- Carlisle Location within the state of Texas Carlisle Carlisle (the United States)
- Coordinates: 30°52′26″N 95°12′25″W﻿ / ﻿30.87389°N 95.20694°W
- Country: United States
- State: Texas
- County: Trinity
- Elevation: 191 ft (58 m)

Population (2000)
- • Total: 68
- Time zone: UTC-6 (Central (CST))
- • Summer (DST): UTC-5 (CDT)

= Carlisle, Texas =

Carlisle is an unincorporated community in Trinity County, Texas, United States. Its population is 68 as of 2000. It is located within the Huntsville, Texas micropolitan area.

==History==
The area in what is known as Carlisle today was first settled during the Civil War but did not become an actual community until the late 19th century. The community was named after John Carlisle who established mills in the Carlisle and Carmona areas.
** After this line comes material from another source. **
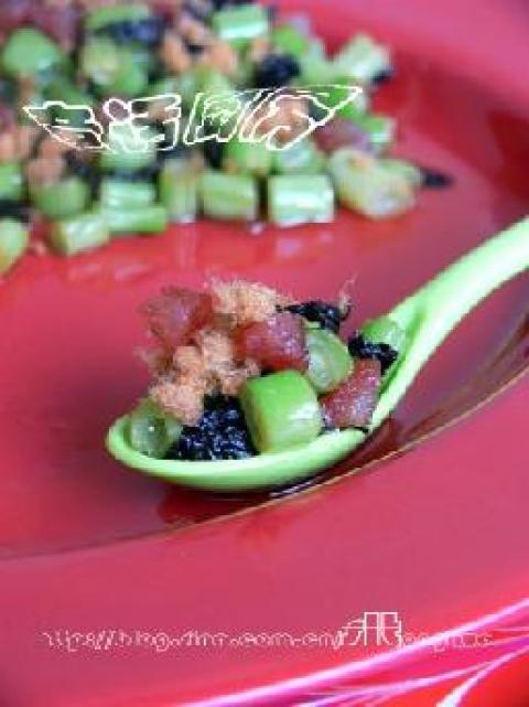 四季豆(摘去豆筋)250克,香肠1根,梅干菜,肉松(量自由放)

The community became a stop on the Beaumont and Great Northern Railway when a track was built through the area around 1900. A post office was established in 1906 and discontinued in 1955. The population went down from 100 in the early 1930s, to 95 in 1990, then to 68 in 2000.

==Geography==
Carlisle is located on Farm to Market Road 356, 14 mi southwest of Groveton in southwestern Trinity County.

==Education==
Carlisle is served by the Groveton Independent School District.

==Notable person==
Ernestine Glossbrenner, teacher and politician, grew up in Carlisle.